# Need Help with Sweet 16 Halloween Party Ideas



## ohhhmycher (Sep 28, 2009)

Hello everyone,

I just joined this forum today and it is great! I am having my first Halloween party this year. There is a twist too it though. It is also my daughter's sweet 16 party. Since her bday falls so close to Halloween, we thought we would combine the two. I am very creative and when I get started I am sure that I will not stop until every inch of the house is covered in something. Several issues that I am dealing with...1. This party will be kids from roughly 14 to 17. I think there are just a couple that are 12 and 13. So I don't want to do the kiddie stuff but at the same time I don't want to scare them silly either. So what is a happy medium on the scare scale for this age range? 2. Money.. I need to work with stuff I have, can make or buy for a very reasonable price. I am a thrift store junkie so I am hoping to find a lot of items there. 3. How can I incorporate the "sweet" 16 and Halloween themes together? 4. As for decorating, when do you start? I am thinking now and just keep adding. The party is on Oct. 23rd. Any ideas will be welcome. I really am starting from scratch here.

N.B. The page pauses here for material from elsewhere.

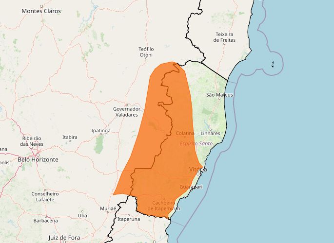 Outro alerta, esse de cor laranja e classificado como “Perigo”, é para ventos de até 100 km/h entre 12h e 20h deste sábado e abrange 65 municípios capixabas e um trecho de Minas Gerais, na região de divisa com o Espírito Santo, e também na divisa com o Rio de Janeiro. O alerta é para as seguintes regiões: Central, Noroeste, Sul e Norte do Espírito Santo, além da Zona da Mata Mineira, Noroeste Fluminense e Norte Fluminense.

Thanks for the help, Caryn


----------



## Ween12amEternal (Apr 15, 2006)

Hi & welcome to the forum - please feel free to introduce yourself in the Member Introduction - Halloween Forum section.

Wow, that's a doozy. I'd say nothing super gory, but startle/surprise scares might work well. I'd go by whether she's kind of 'girly', in which case she might like the glitter/glam type decor, or if she's more the opposite, you could go for more classic decor. As for food you know this age group would love to eat a meat head, or a jello brain, or any body part/gross out food.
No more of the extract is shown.